# Task item:
Give the data again exactly, without images.

# Data extract:
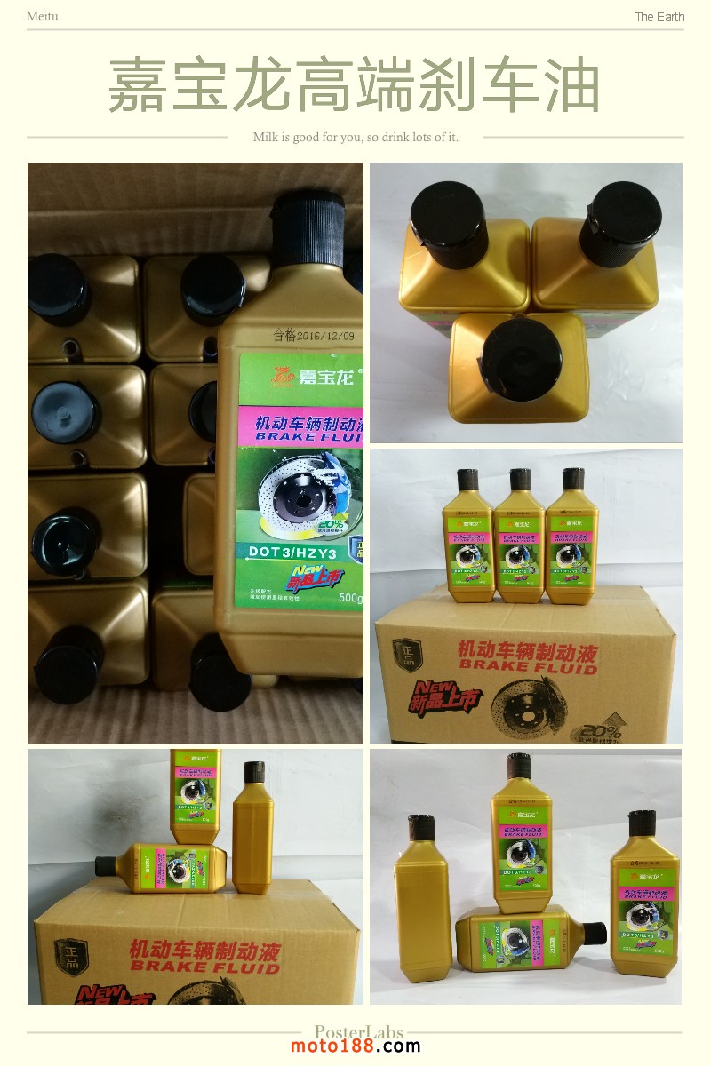 3、綠色瓶身黑色蓋子嘉寶龍中文版碟剎車油:國標DOT3,適用于所有的摩托車、電動車、自行車等低速、低溫車,比市場上大部分碟剎油能更好的保護碟剎泵和碟剎系統(tǒng),讓行車制動靈敏,經(jīng)久耐用。
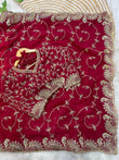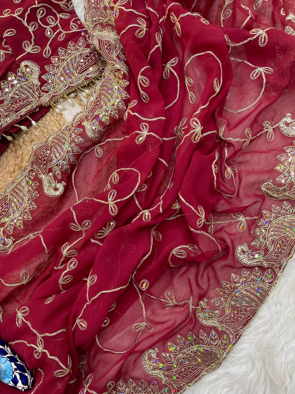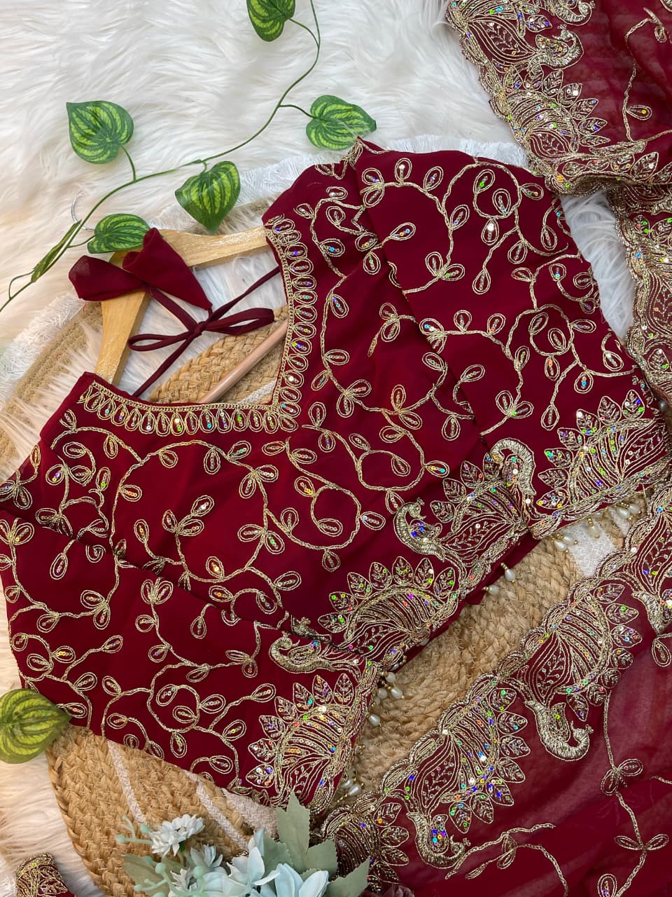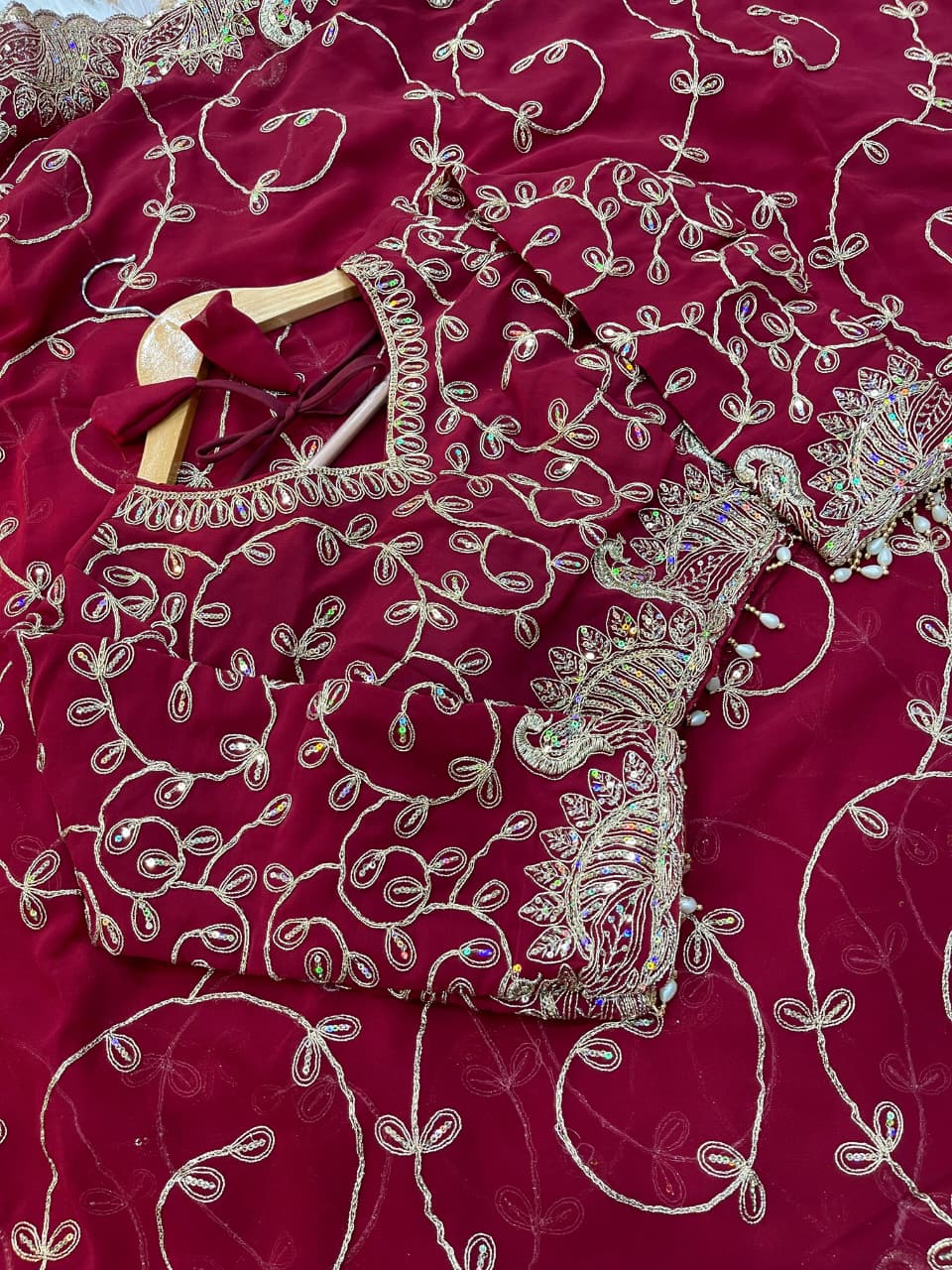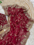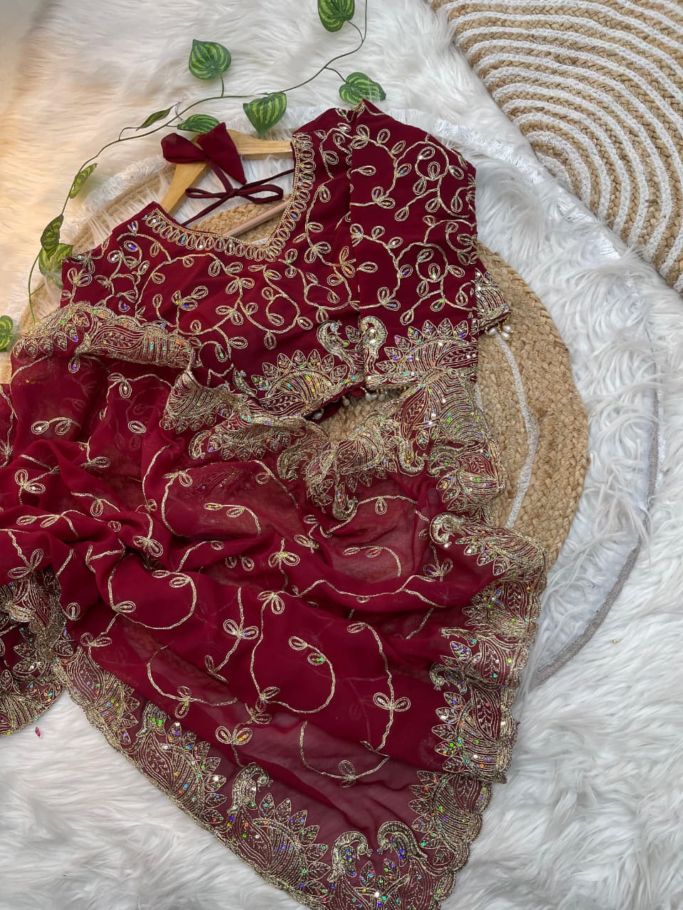Exude elegance with this very soft and lightweight georgette saree, adorned with intricate cording embroidery, 3 mm sequin work, and a richly detailed heavy border. The all-over jhal embroidery work adds a touch of grandeur, making it a statement festive drape.
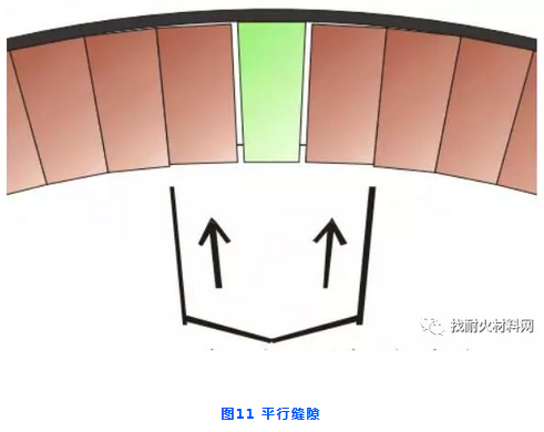 (7)使用鎖磚和鋼板鎖口時需注意,布置好鎖磚和標(biāo)準(zhǔn)磚后,注意觀察磚縫,若磚縫是水平,則在標(biāo)準(zhǔn)磚側(cè)面打入鋼板,不得在鎖磚側(cè)面打入鋼板,如圖11所示:若磚縫是楔型的,此時打入鋼板會導(dǎo)致耐火磚會出現(xiàn)應(yīng)力集中損壞,需要返工,如圖12所示:
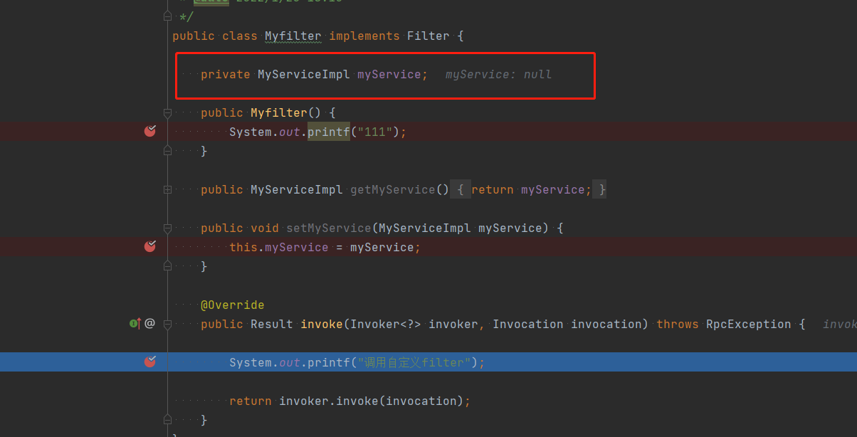 <!-- If you need to report a security issue please visit https://github.com/apache/dubbo/security/policy --> - [ ] I have searched the [issues](https://github.com/apache/dubbo/issues) of this repository and believe that this is not a duplicate. ### Environment * Dubbo version: master; last commitId:65bd70b54c87539ccc843b938479f0b7c2ea8d20 * Operating System version: win10 * Java version: 1.8 ### Steps to reproduce this issue 使用的是 dubbo-demo/dubbo-demo-xml/dubbo-demo-xml-consumer 1. 自定义Bean(MyServiceImpl)。xml注入spring容器 2. 自定义Myfilter实现 Filter;META-INF/debbo com.alibaba.dubbo.rpc.Filter(myfilter=org.apache.dubbo.demo.filter.Myfilter) 3. Myfilter 引用 MyServiceImpl,有set和get方法 4. dubbo-consumer.xml : <dubbo:reference id="demoService" check="false" interface="org.apache.dubbo.demo.DemoService" filter="myfilter"/> Pls. provide [GitHub address] to reproduce this issue. ### Expected Behavior 加载Myfilter,调用injectExtension(instance) -> SpringExtensionInjector 内的context 是null 无法完成IOC 注入 ### Actual Behavior <!-- What actually happens? --> If there is an exception, please attach the exception trace: ```  ``` -- This is an automated message from the Apache Git Service. To respond to the message, please log on to GitHub and use the URL above to go to the specific comment. To unsubscribe, e-mail: [email protected] For queries about this service, please contact Infrastructure at: [email protected] --------------------------------------------------------------------- To unsubscribe, e-mail: [email protected] For additional commands, e-mail: [email protected]

# Task result:
 3、綠色瓶身黑色蓋子嘉寶龍中文版碟剎車油:國標DOT3,適用于所有的摩托車、電動車、自行車等低速、低溫車,比市場上大部分碟剎油能更好的保護碟剎泵和碟剎系統(tǒng),讓行車制動靈敏,經(jīng)久耐用。
Exude elegance with this very soft and lightweight georgette saree, adorned with intricate cording embroidery, 3 mm sequin work, and a richly detailed heavy border. The all-over jhal embroidery work adds a touch of grandeur, making it a statement festive drape.
 (7)使用鎖磚和鋼板鎖口時需注意,布置好鎖磚和標(biāo)準(zhǔn)磚后,注意觀察磚縫,若磚縫是水平,則在標(biāo)準(zhǔn)磚側(cè)面打入鋼板,不得在鎖磚側(cè)面打入鋼板,如圖11所示:若磚縫是楔型的,此時打入鋼板會導(dǎo)致耐火磚會出現(xiàn)應(yīng)力集中損壞,需要返工,如圖12所示:
 <!-- If you need to report a security issue please visit https://github.com/apache/dubbo/security/policy --> - [ ] I have searched the [issues](https://github.com/apache/dubbo/issues) of this repository and believe that this is not a duplicate. ### Environment * Dubbo version: master; last commitId:65bd70b54c87539ccc843b938479f0b7c2ea8d20 * Operating System version: win10 * Java version: 1.8 ### Steps to reproduce this issue 使用的是 dubbo-demo/dubbo-demo-xml/dubbo-demo-xml-consumer 1. 自定义Bean(MyServiceImpl)。xml注入spring容器 2. 自定义Myfilter实现 Filter;META-INF/debbo com.alibaba.dubbo.rpc.Filter(myfilter=org.apache.dubbo.demo.filter.Myfilter) 3. Myfilter 引用 MyServiceImpl,有set和get方法 4. dubbo-consumer.xml : <dubbo:reference id="demoService" check="false" interface="org.apache.dubbo.demo.DemoService" filter="myfilter"/> Pls. provide [GitHub address] to reproduce this issue. ### Expected Behavior 加载Myfilter,调用injectExtension(instance) -> SpringExtensionInjector 内的context 是null 无法完成IOC 注入 ### Actual Behavior <!-- What actually happens? --> If there is an exception, please attach the exception trace: ```  ``` -- This is an automated message from the Apache Git Service. To respond to the message, please log on to GitHub and use the URL above to go to the specific comment. To unsubscribe, e-mail: [email protected] For queries about this service, please contact Infrastructure at: [email protected] --------------------------------------------------------------------- To unsubscribe, e-mail: [email protected] For additional commands, e-mail: [email protected]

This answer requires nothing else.